[Data for analysis — start]

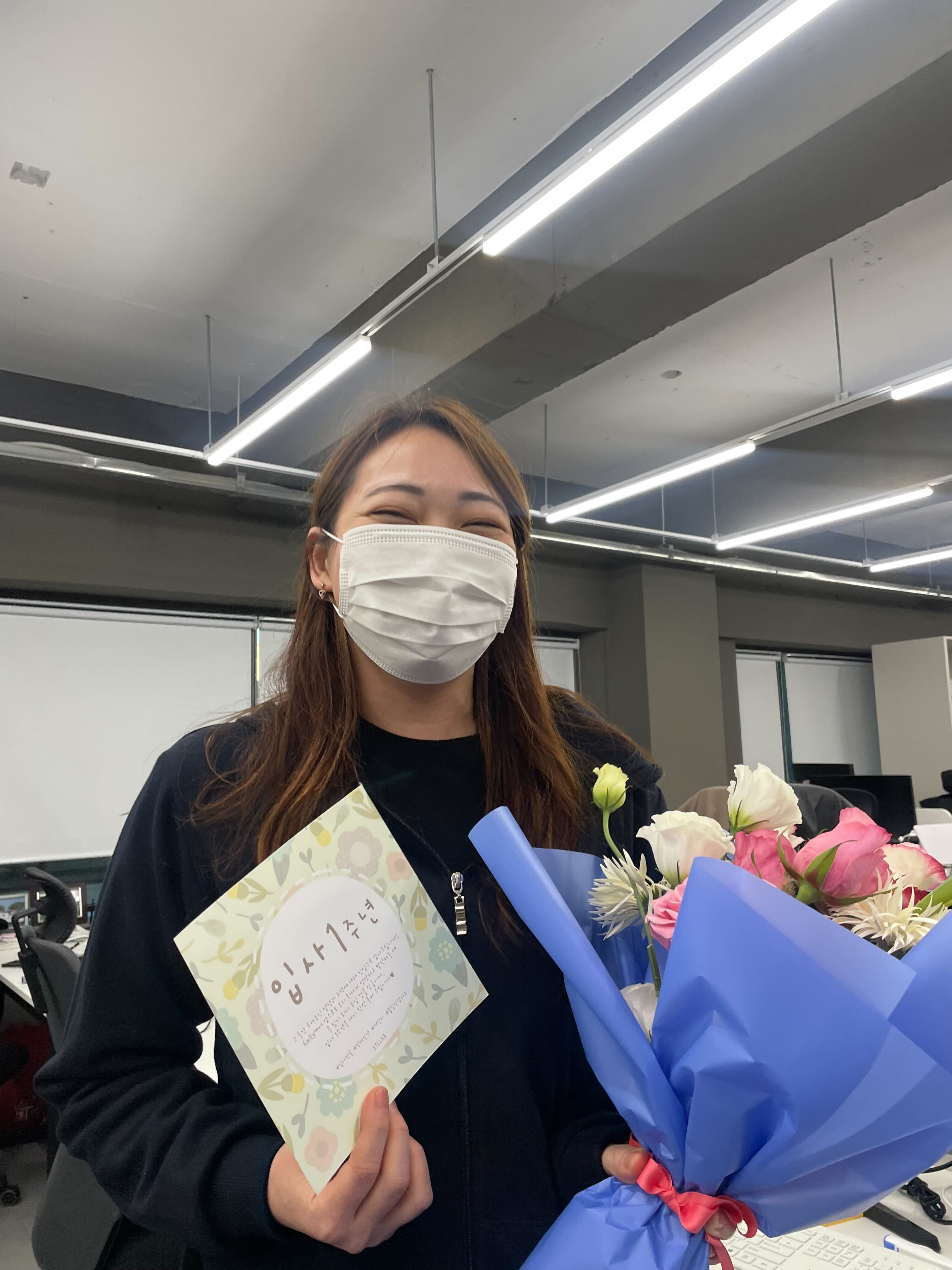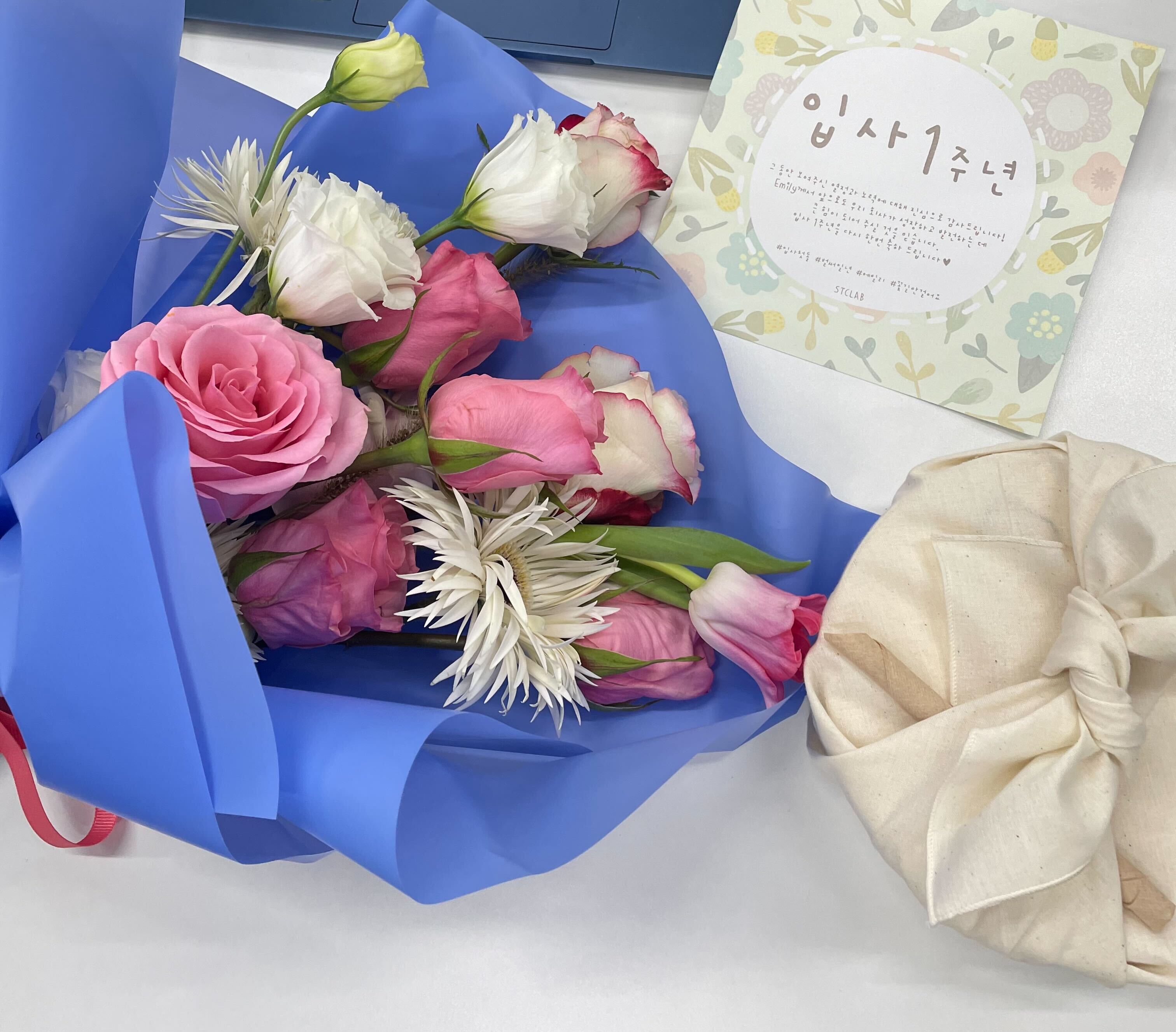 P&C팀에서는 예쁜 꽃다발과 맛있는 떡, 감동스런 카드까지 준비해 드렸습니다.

[Data for analysis — finish]
[Data for analysis — start]

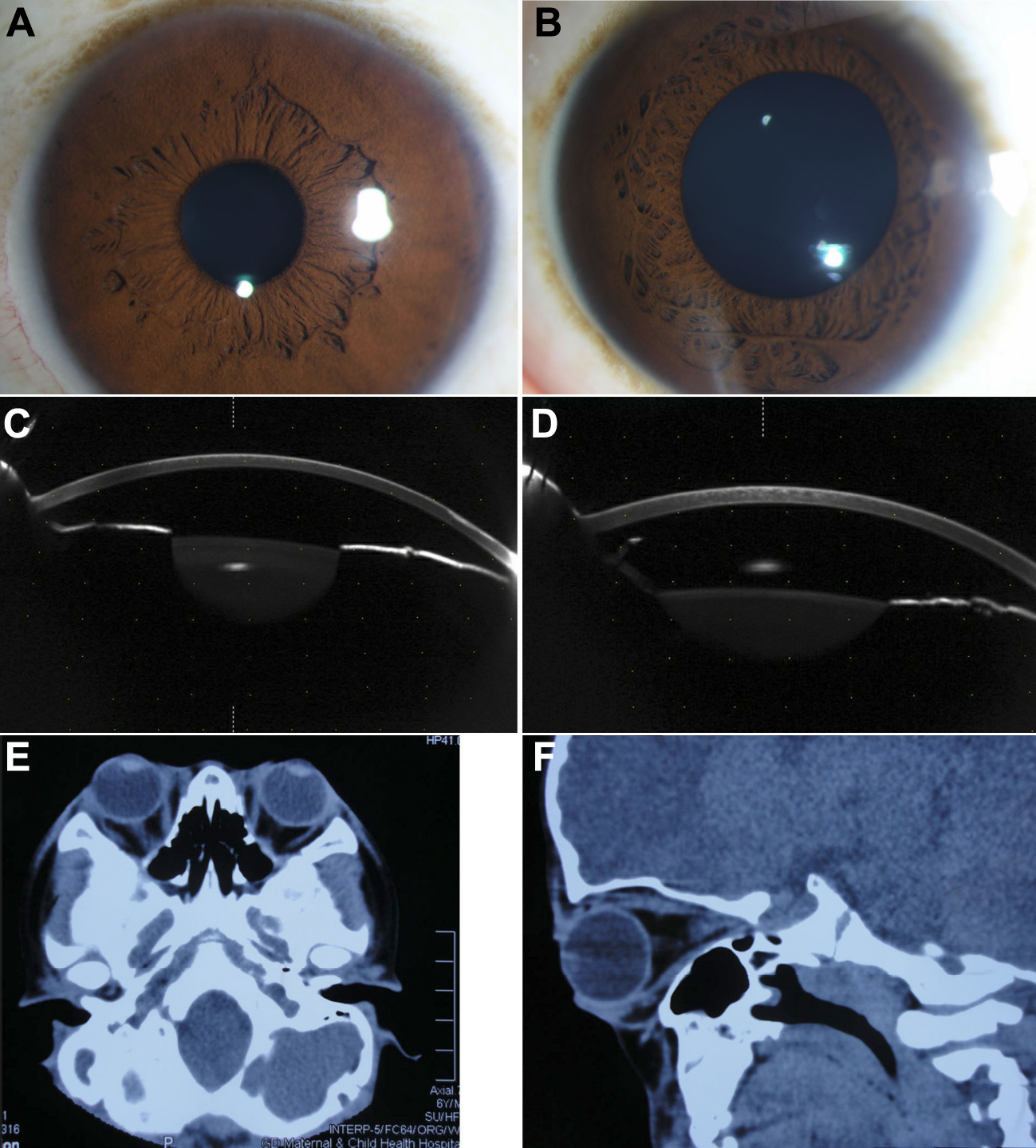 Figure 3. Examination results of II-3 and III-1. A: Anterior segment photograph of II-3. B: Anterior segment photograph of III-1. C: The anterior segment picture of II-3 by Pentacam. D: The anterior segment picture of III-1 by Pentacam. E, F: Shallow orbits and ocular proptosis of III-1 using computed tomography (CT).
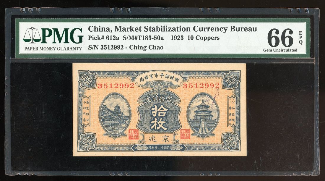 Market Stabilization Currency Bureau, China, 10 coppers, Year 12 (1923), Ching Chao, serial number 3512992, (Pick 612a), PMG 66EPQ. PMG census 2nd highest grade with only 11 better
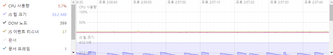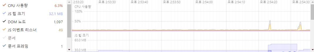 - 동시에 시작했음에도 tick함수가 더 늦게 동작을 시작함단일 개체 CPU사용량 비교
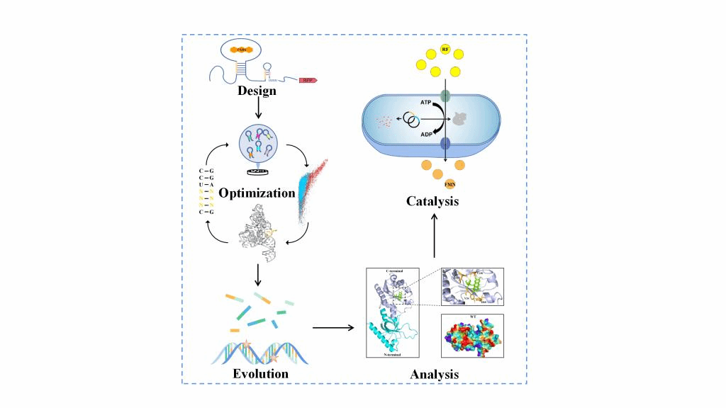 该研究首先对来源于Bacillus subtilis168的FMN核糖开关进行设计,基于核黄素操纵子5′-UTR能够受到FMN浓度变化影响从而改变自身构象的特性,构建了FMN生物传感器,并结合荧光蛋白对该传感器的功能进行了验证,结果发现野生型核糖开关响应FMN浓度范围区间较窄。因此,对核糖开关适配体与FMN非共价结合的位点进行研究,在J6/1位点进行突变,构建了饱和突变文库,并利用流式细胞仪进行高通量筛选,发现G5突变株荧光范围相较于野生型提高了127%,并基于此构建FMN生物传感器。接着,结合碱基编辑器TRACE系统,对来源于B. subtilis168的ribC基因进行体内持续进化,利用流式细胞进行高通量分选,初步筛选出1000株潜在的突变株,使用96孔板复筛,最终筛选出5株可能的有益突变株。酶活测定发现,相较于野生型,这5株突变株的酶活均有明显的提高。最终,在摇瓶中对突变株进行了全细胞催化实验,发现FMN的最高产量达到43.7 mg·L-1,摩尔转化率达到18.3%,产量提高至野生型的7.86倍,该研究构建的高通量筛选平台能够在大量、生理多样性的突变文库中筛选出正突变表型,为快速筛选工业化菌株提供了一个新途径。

[Data for analysis — finish]

Would you write out exactly the lines above, starting at the line containing "Market Stabilization Currency" and stopping after the line containing "- 동시에 시작했음에도"? Omit the pictures.

- **Task result**
 Market Stabilization Currency Bureau, China, 10 coppers, Year 12 (1923), Ching Chao, serial number 3512992, (Pick 612a), PMG 66EPQ. PMG census 2nd highest grade with only 11 better
 - 동시에 시작했음에도 tick함수가 더 늦게 동작을 시작함단일 개체 CPU사용량 비교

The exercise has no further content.